*PROBLEM:*
Below are records; extract exactly the lines from the one with "С 5 февраля" through the final line, including both, but drop the pictures.

--- RECORDS FOR PROCESSING Enclosed Below ---

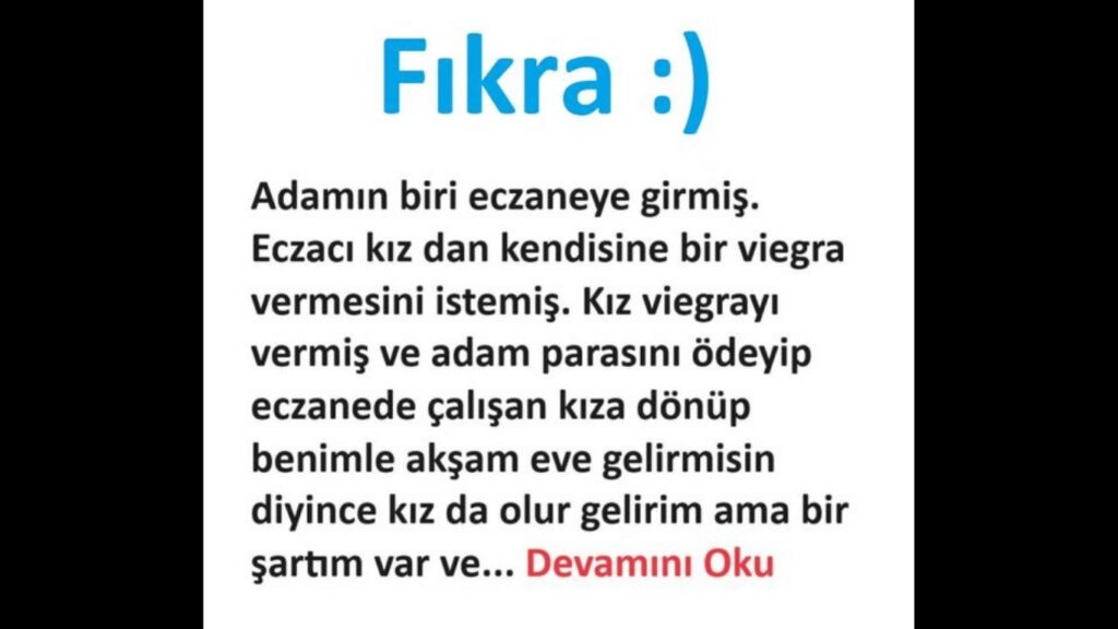 Adamın biri eczaneye girmiş. Eczacı kadından kendine bir via*gra vermesini istemiş. Kadın via*gra vermiş ve adam parasını ödeyip eczanede çalışan kıza dönüp benimle akşam eve gelir misin deyince, kız da olur ama bir şartım var. Seninle eve gelirim ama ver..
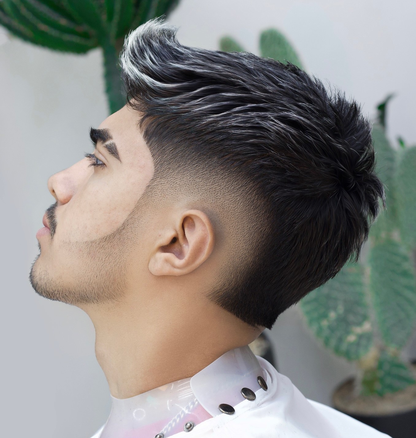 The way your haircut is parted makes all the difference in how it looks. This style is parted deeply on each side and then faded, while the top is more understated and simply spiked up.
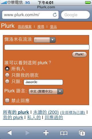 至於《私密Plurk、語系與選項》點開來就變成這樣,可以選擇發私噗,但無法根據帳號去選擇,所以你要記得好友的帳號。如果你要看特定好友的帳號,記得用/m後面家一個 U ,就是www.plurk.com/m/u/帳號就可以了。
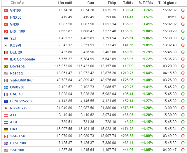 Khép lại phiên giao dịch 2/11 (theo giờ Việt Nam), chứng khoán trong nước đang là thị trường có chỉ số đại diện tăng mạnh nhất thế giới (thống kê: investing.com).
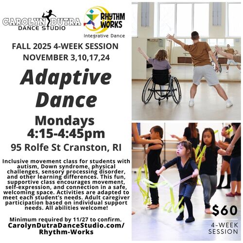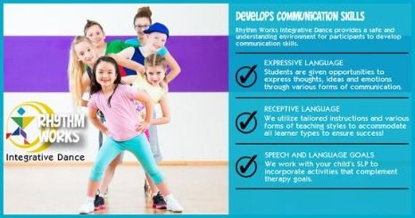 Rhythm Works Integrative Dance is a specialized, but inclusive, dance and rhythm program designed for those with individual learning differences and special needs. The program uses evidence-based therapeutic practices to achieve developmental goals. To our students, it’s a fun and exciting activity that provides participation and socialization opportunities. Staff is certified to teach this amazing program. Therapist or parent participates with student if needed.
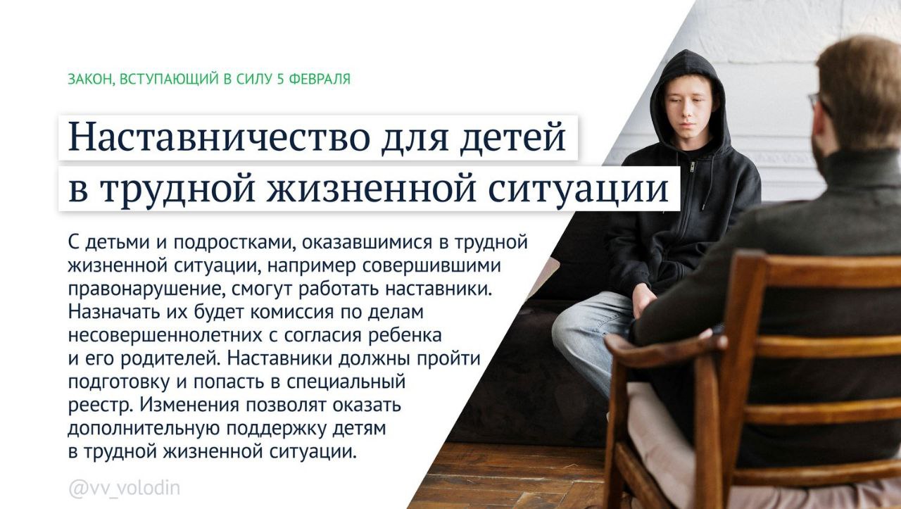 С 5 февраля в России вступают в силу новые законы, касающиеся конфискованного имущества, миграционного контроля, наставничества для подростков и поддержки креативных индустрий. Кроме того, с 1 февраля на 9,5% вырастут социальные выплаты, включая материнский капитал и страховые пенсии.
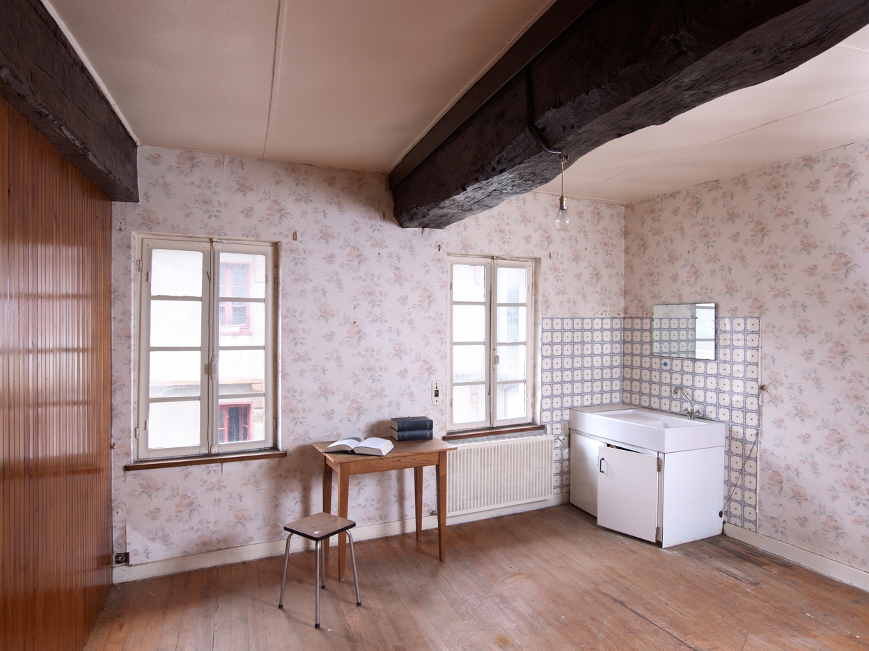 Tréguier, 15 rue Colvestre : maison à pan de bois rouge, appartement donnant sur la rue ColvestreImmatriculation
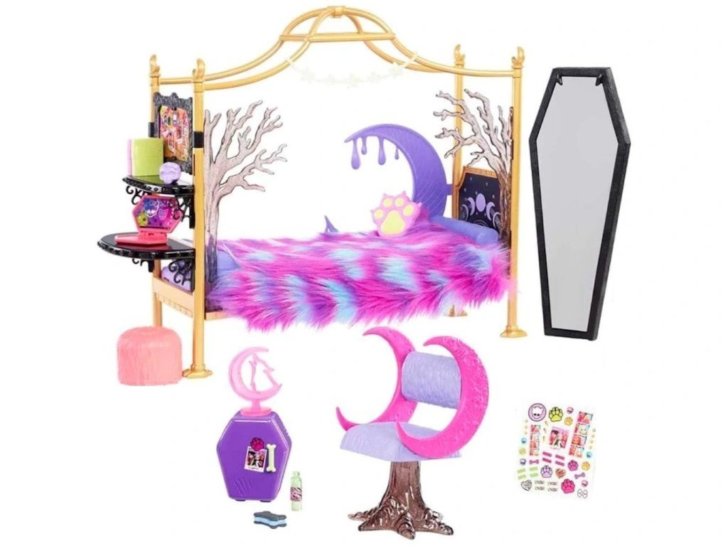 Ložnicový set Monster High™ Clawdeen Wolf™ má vše, co si vlkodlak může přát! Obsahuje parádní nábytek a dekorace, jako je postel, stůl, minilednička a funkční zrcadlo, a navíc spoustu doplňků pro vyprávění příběhů, se kterými si užiješ úžasnou zábavu. Navíc arch samolepek posouvá možnosti zdobení na úplně jinou úroveň. Panenka není součástí sady.

--- End of Enclosed RECORDS FOR PROCESSING ---

*ANSWER FOR THE TASK:*
 С 5 февраля в России вступают в силу новые законы, касающиеся конфискованного имущества, миграционного контроля, наставничества для подростков и поддержки креативных индустрий. Кроме того, с 1 февраля на 9,5% вырастут социальные выплаты, включая материнский капитал и страховые пенсии.
 Tréguier, 15 rue Colvestre : maison à pan de bois rouge, appartement donnant sur la rue ColvestreImmatriculation
 Ložnicový set Monster High™ Clawdeen Wolf™ má vše, co si vlkodlak může přát! Obsahuje parádní nábytek a dekorace, jako je postel, stůl, minilednička a funkční zrcadlo, a navíc spoustu doplňků pro vyprávění příběhů, se kterými si užiješ úžasnou zábavu. Navíc arch samolepek posouvá možnosti zdobení na úplně jinou úroveň. Panenka není součástí sady.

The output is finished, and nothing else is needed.